About 30 maternal deaths a year resulted in Sydney.  Stark black and white photographs of some 'back-yard abortionist' being dragged off would be splashed across the evening papers: The Sun and/or The Daily Mirror.  The accompanying report always carefully avoided explicit language that might lead to we children gaining any real knowledge of these secret adult matters; to 'protect' us.  Thus ignorance was perpetuated.

As abortion was illegal, accurate figures on the number procured are impossible to obtain.  Based on the present numbers of legal abortions (estimated ten years ago at around 100,000 pa in Australia - with some uncertainty due to the morning-after-pill) then taking the lower population, higher fertility post war and lack of alternative contraceptive measures into consideration, suggests that around ten thousand abortions were carried out in Sydney each year. This is very close to the rate estimated to be still the norm in countries where abortion remains illegal: three to four deaths per thousand.

Obviously some unqualified abortionists became quite skilled, as over 90% of abortions were medically uneventful; contrary to the movie version.  But late-term abortions are increasingly problematic; not just on physical medical grounds. There is increasing psychological damage to the mother the longer she nurtures the growing foetus; in addition to the moral issue around the death of a potential human with a developing brain. 
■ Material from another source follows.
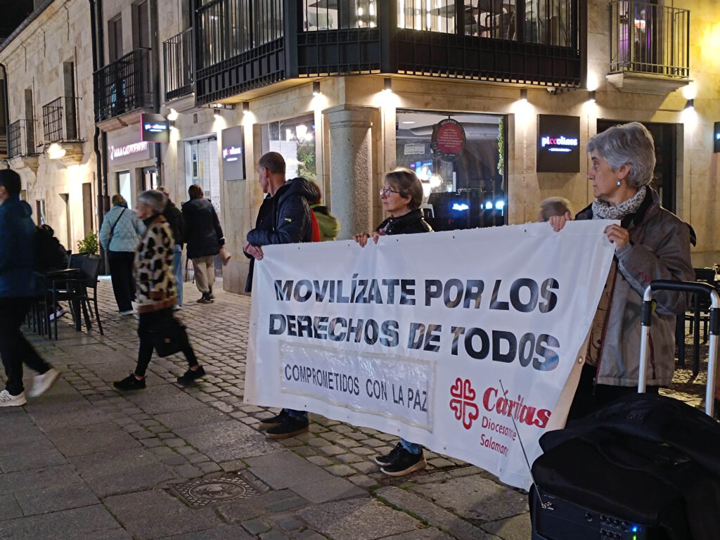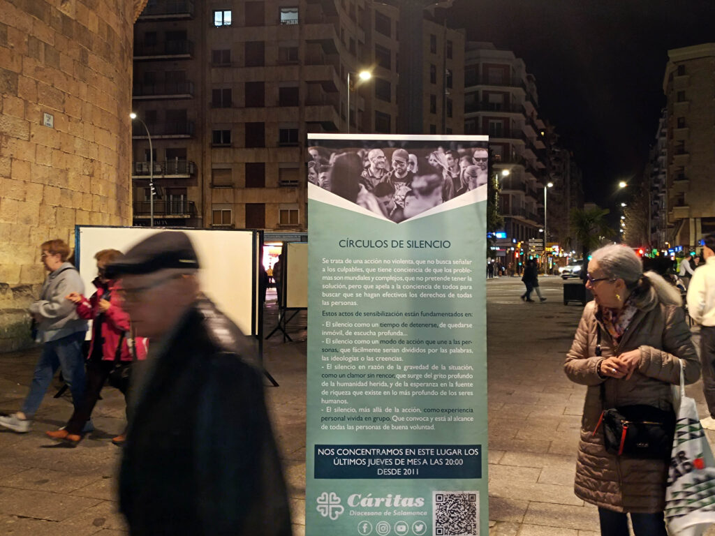 Este jueves, Cáritas Salamanca convocó a la ciudadanía en la Puerta Zamora, junto a la Iglesia de San Marcos, para participar en un nuevo Círculo de Silencio por el derecho a la paz. Este mes, la iniciativa ha formado parte de la Escuela de Formación Social 2026 de Cáritas Salamanca, ofreciendo un espacio de reflexión y aprendizaje sobre la importancia de la paz y la justicia social.

As I got older and went to University I learned of girls who had illegal abortions and knew several others who had chosen to have their child.  One who elected abortion suffered serious consequences including: high-level emotional distress, very high financial cost, fear of potential prosecution for murder and what was close to blackmail by a family member.  Those who completed the pregnancy suffered even greater hardships, including forced marriage to someone they couldn't stand, resulting in domestic violence; alienation from their family; loss of prospects and career hopes; and in one case forced separation from her child. 

I became a strong advocate of legalised abortion and I firmly believe that history has vindicated this stance.

There are now very few late term abortions in Australia, almost all for excellent medical reasons.  It is now extremely safe.  The risk of maternal death due to abortion is now less than one death per hundred thousand.  The risk to a mother of carrying her baby to full-term is far higher. 

On the other hand, the risks to society of an unwanted child, and the risks to that child, let alone the mother, are incalculable.  Every child has a right to be wanted.

Couples and single women who want children try very hard to have them; as the increasing demand for IVF and surrogacy clearly demonstrates. There is no evidence that the ready availability of contraception, and if that fails abortion, reduces the number of wanted children.

World population is now consuming resources at an unsustainable rate and human fertility needs to decline.  But the recent decline is neither due to this concern nor to abortion.  It is due to obvious sociological changes, particularly in the status of women, since the post-war world of the 1950s.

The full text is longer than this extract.